> **GIVEN MATERIAL**
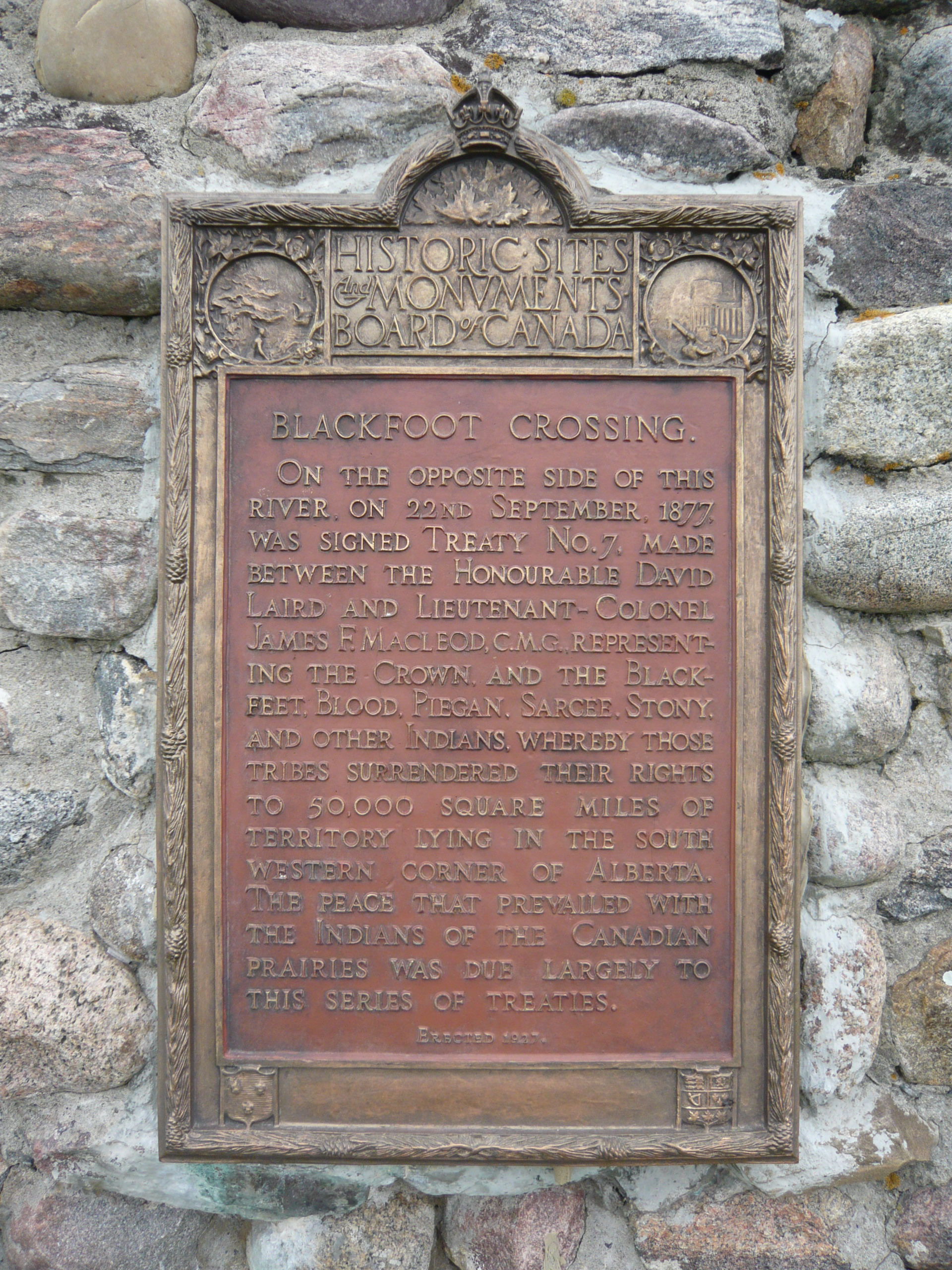 A replica Historic Sites and Monuments Board of Canada plaque for the Blackfoot Crossing, National Historic Site of Canada. The original plaque is in the Blackfoot Crossing Interpretive Center Museum and this plastic replica in at the original location that was commemorated in 1927
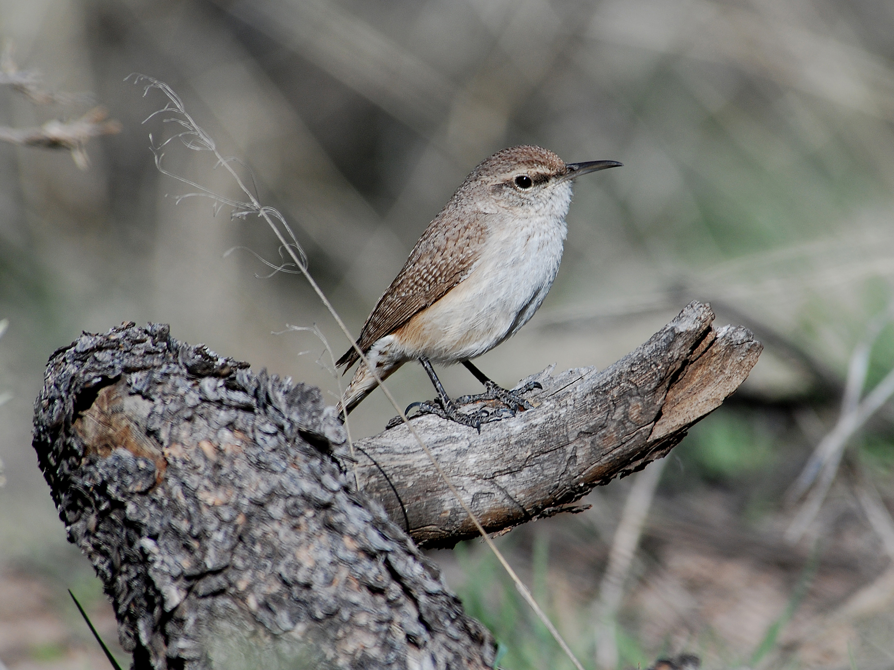 Salpinctes obsoletus, Tyuonyi Pueblo, Bandelier National Monument, New Mexico, USA.
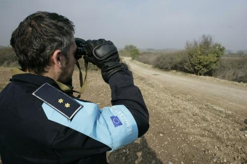 FRONTEX member on the first joint patrol with the Greek police on Greco-Turkish border in Kastania
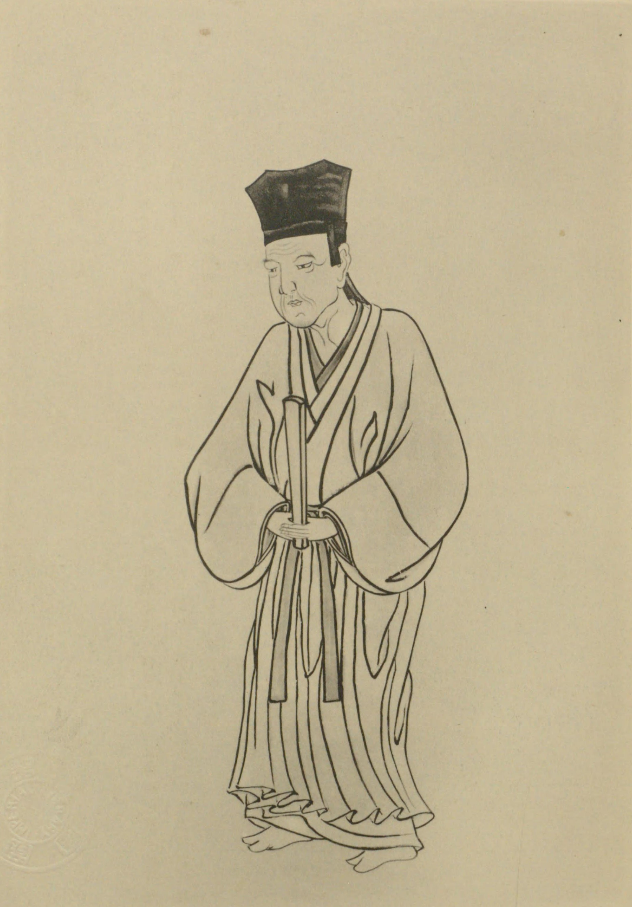 Portrait of Hori Kyoan

> **EXERCISE GOAL**
Beginning with the line that contains "FRONTEX member on" and ending with the last line of the data, transcribe each line exactly; pictures stay out.

> **SOLUTION TO THIS EXERCISE**
 FRONTEX member on the first joint patrol with the Greek police on Greco-Turkish border in Kastania
 Portrait of Hori Kyoan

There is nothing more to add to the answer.